* _Work instruction_:
The copy should begin at the line containing "Figure 3. Changes" and end at the last line of the material. Please reproduce those lines exactly and keep pictures out.
+---+
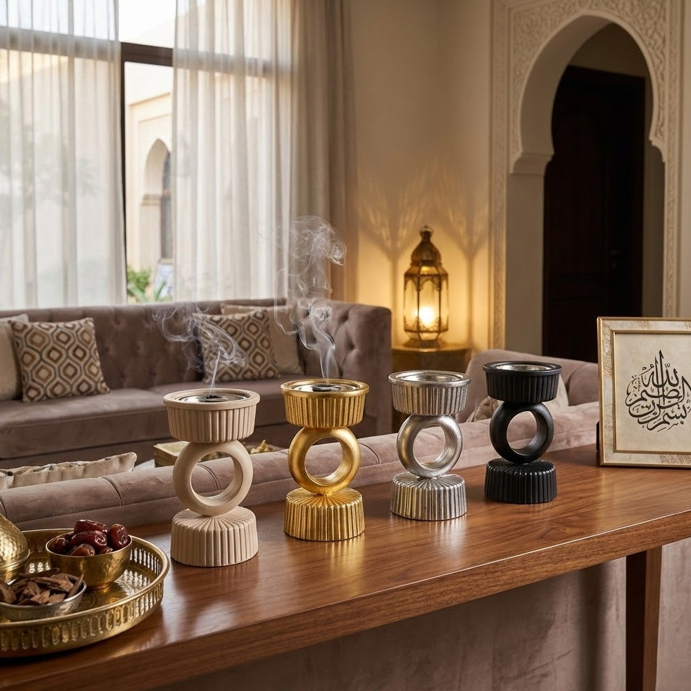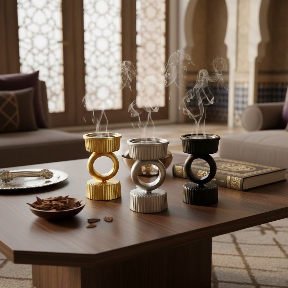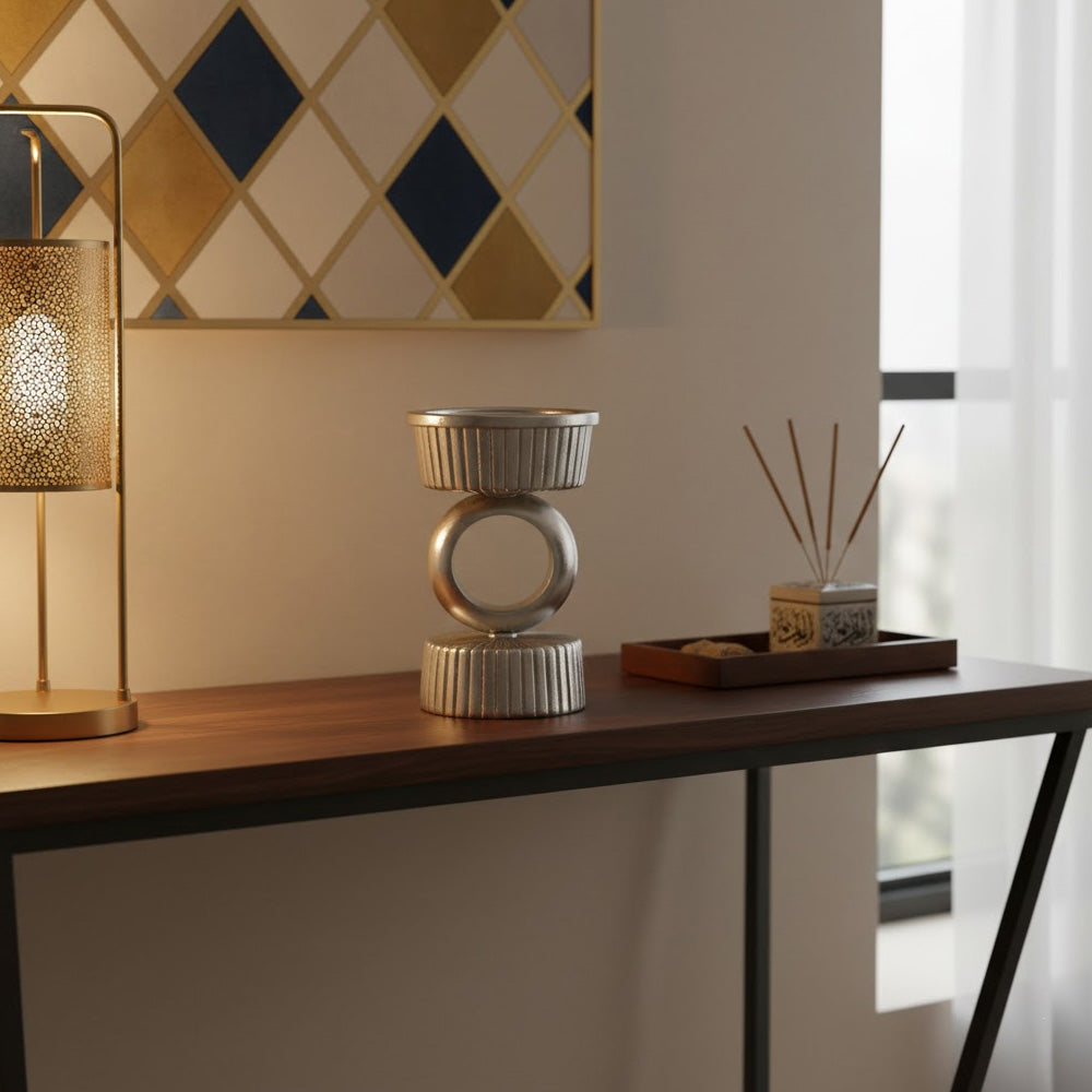 أضف لمسة من الرقي إلى مساحتك مع مبخرة البخور العصرية المصنوعة من الفولاذ، والتي تتميز بتصميمها النحتي اللافت ولمستها النهائية الذهبية الأنيقة. صُنعت هذه المبخرة من معدن متين، ويجمع تصميمها بين الهندسة المتوازنة والأناقة العصرية، مما يجعلها حاملة بخور عملية وقطعة ديكور مميزة في آن واحد.
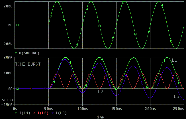 Now, let's just put a tone burst into an inductor. Remember, the inductor
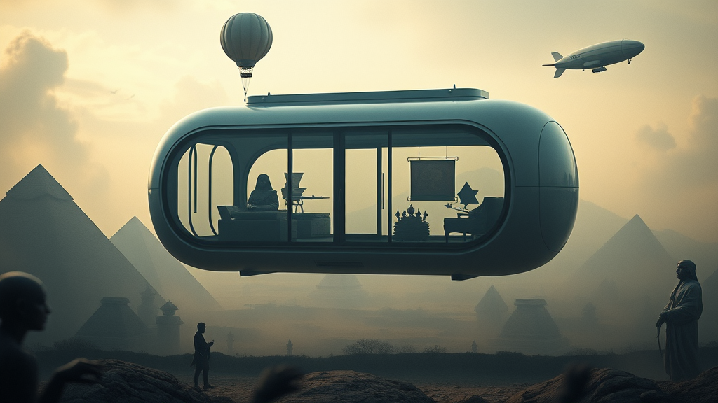 Capsule house suspended in the air, levitating above the ground with an epic front door and expansive glass windows, artstation-inspired, high detail, cinematic with realistic depth, detailed in a style reminiscent of Fenghua Zhong. Surreal elements include shadows forming Egyptian pyramids, mysterious statues, and blurred, fuzzy outlines that suggest extra appendages. The scene is dotted with two balloons and a floating blimp, creating an enigmatic atmosphere where reality blurs into imagination.
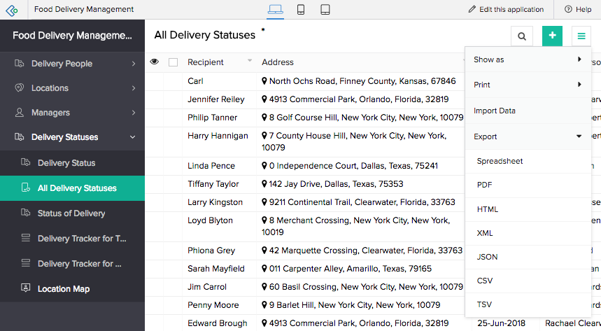 Exporting records help you obtain or download the records that are in AppCreator report into a specific format for a purpose outside of ManageEngine AppCreator environment. AppCreator enables you to export your reports in a few simple steps so that you can access them offline and email them to your colleagues who are non-ManageEngine users. You can perform export operations across all the three platforms supported by AppCreator — web, mobile, and tablet.
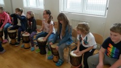 V pondělí 20.3. jsme se zúčastnili zajímavého výukového programu. Vyzkoušeli jsme si, že hrát se dá na ledacos, třeba i na vlastní tělo. Seznámili jsme se s neobvyklými hudebními nástroji- africkými bubny, djembe, dunduny, balafonem, harfou kora a také jsme si vyzkoušeli,jak si na ně umíme společně zahrát.
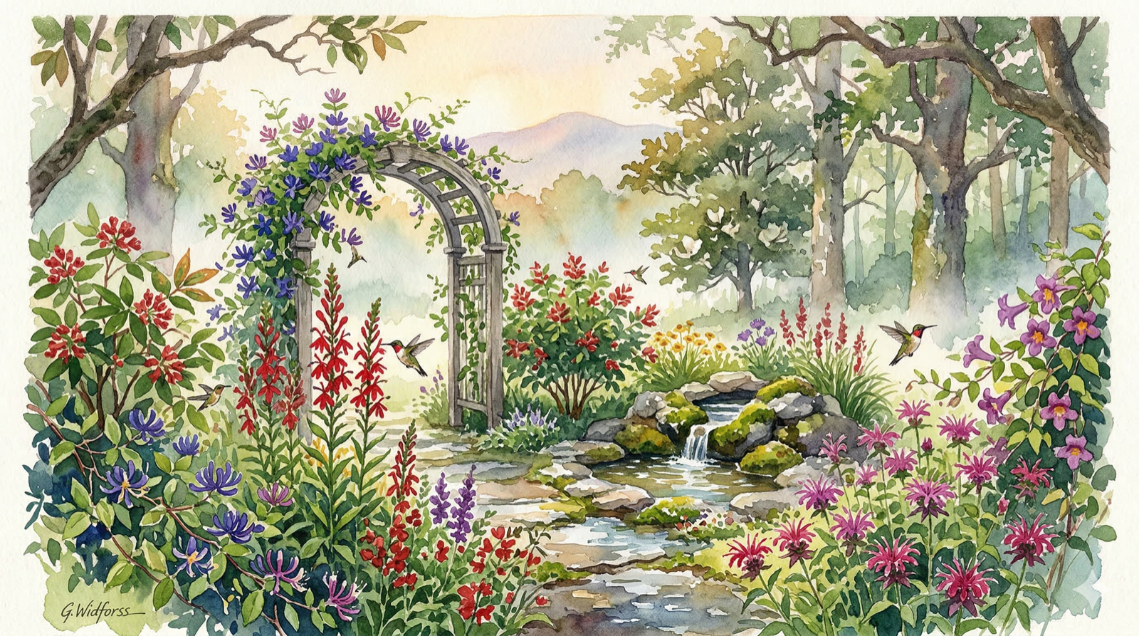 Southeast native plants that attract hummingbirds with continuous blooms March through October.
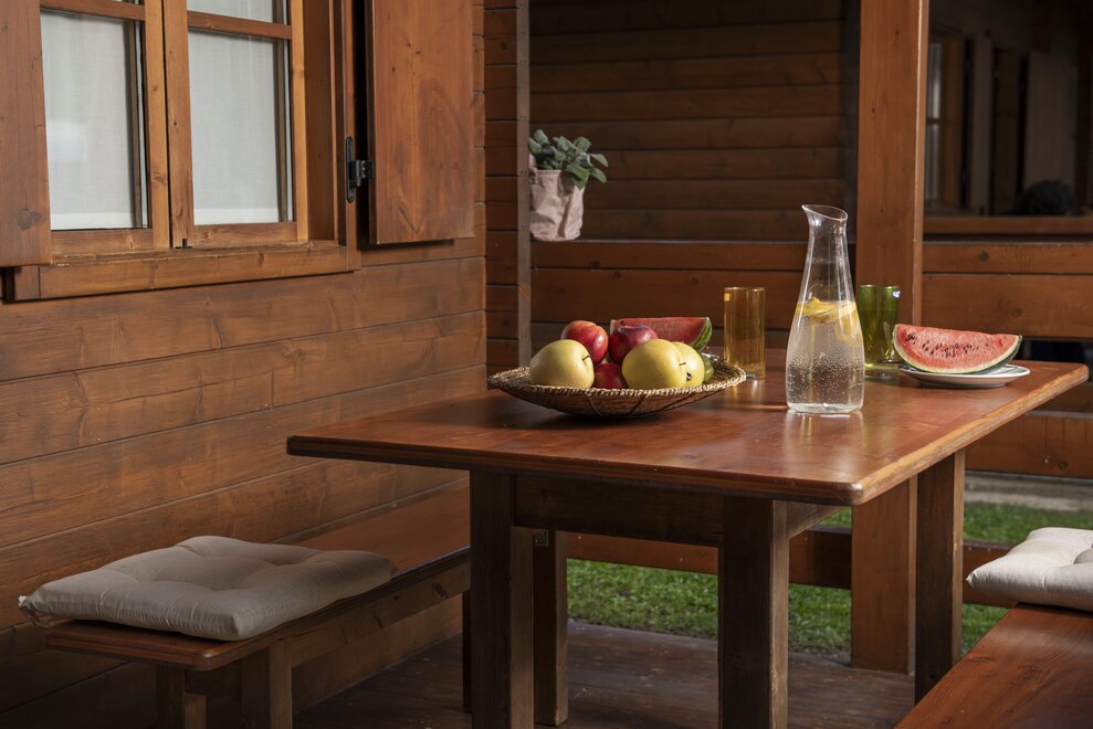 Non dovrai rinunciare alle comodità scegliendo i nostri splendidi Chalet “Colodri” in legno: trilocali spaziosi e confortevoli con due camere da letto e bagno privato che possono ospitare fino a sei persone. All’interno troverai un angolo cottura attrezzato (frigorifero, microonde, piano cottura, stoviglie e bollitore), biancheria da letto, asciugamani, coperte, riscaldamento, condizionatore, cassaforte e televisione con canali satellitari. Ciascun chalet saprà regalarti una vacanza magica, anche grazie all’ampia veranda coperta con tavolo e sedie. È presente un parcheggio privato accanto alla struttura. Gli animali sono ammessi.
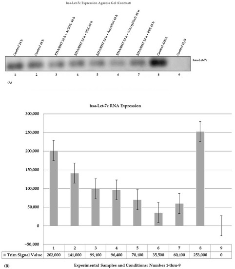 Figure 3. Changes in RNA contents determined by PCR: (A) A contrast image of an agarose electrophoresis gel with bands of amplified has-Let-7c stem-loop PCR products analyzed on a 2.5% TAE agarose gel stained with ethidium bromide. The amplified hsa-Let-7c stem-loop bands were organized and ordered in an agarose gel, as was the corresponding bar graph (1–9). The positions of the controls (1, 2, 8–9) and experimental samples (3–7) are numbered. (B) Bar graph with standard error bars of amplified hsa-Let-7c stem-loop bands with trim signal values.
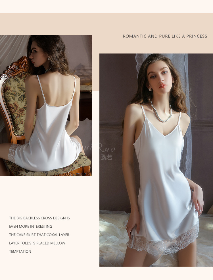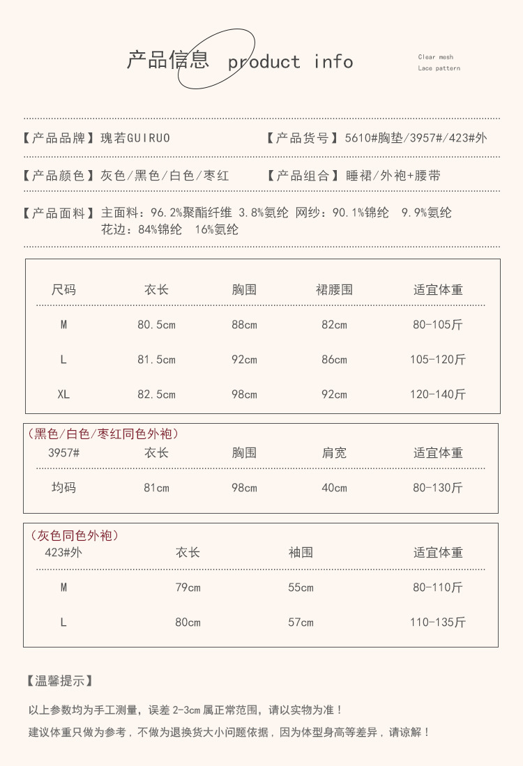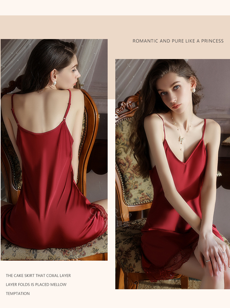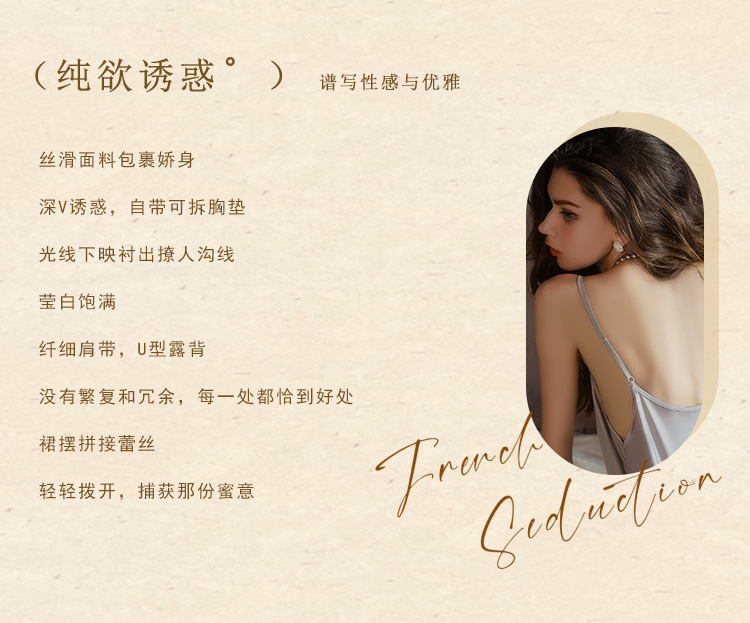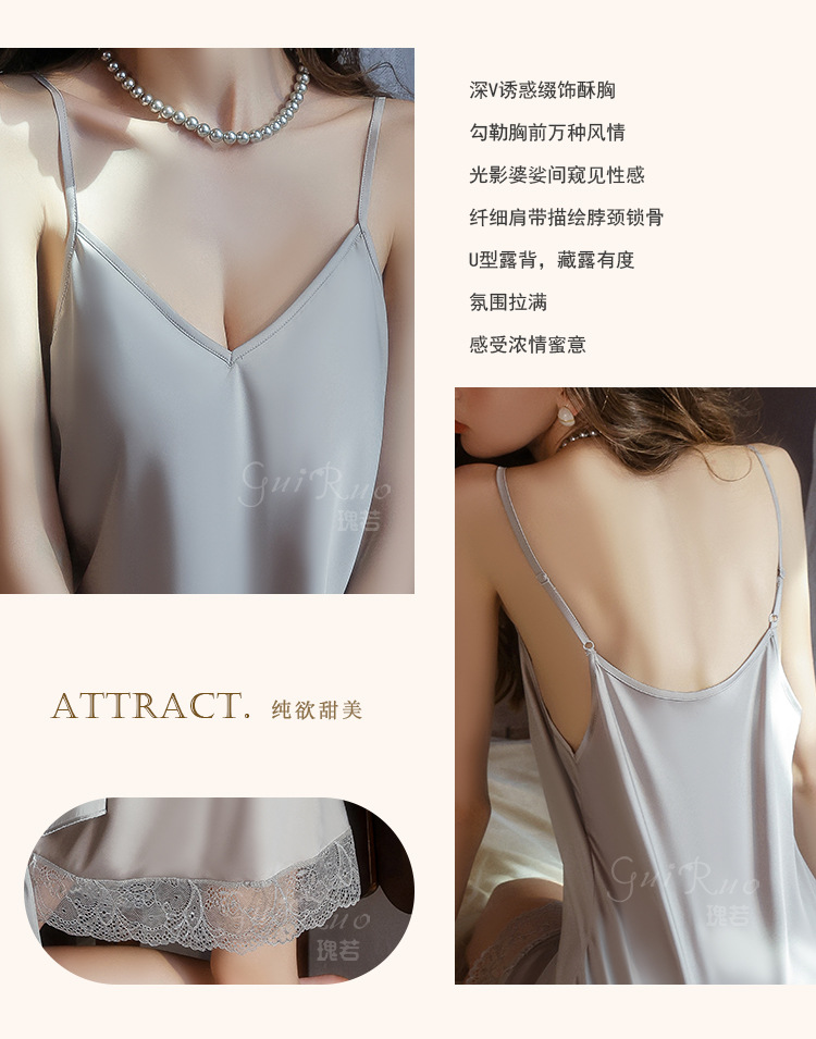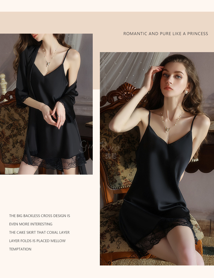 【YW】无忧购深V聚拢加胸垫纯欲顺滑缎面睡裙舒适外袍套装5610(截单后3-5天发货)
+---+
* _The completed task_:
 Figure 3. Changes in RNA contents determined by PCR: (A) A contrast image of an agarose electrophoresis gel with bands of amplified has-Let-7c stem-loop PCR products analyzed on a 2.5% TAE agarose gel stained with ethidium bromide. The amplified hsa-Let-7c stem-loop bands were organized and ordered in an agarose gel, as was the corresponding bar graph (1–9). The positions of the controls (1, 2, 8–9) and experimental samples (3–7) are numbered. (B) Bar graph with standard error bars of amplified hsa-Let-7c stem-loop bands with trim signal values.
 【YW】无忧购深V聚拢加胸垫纯欲顺滑缎面睡裙舒适外袍套装5610(截单后3-5天发货)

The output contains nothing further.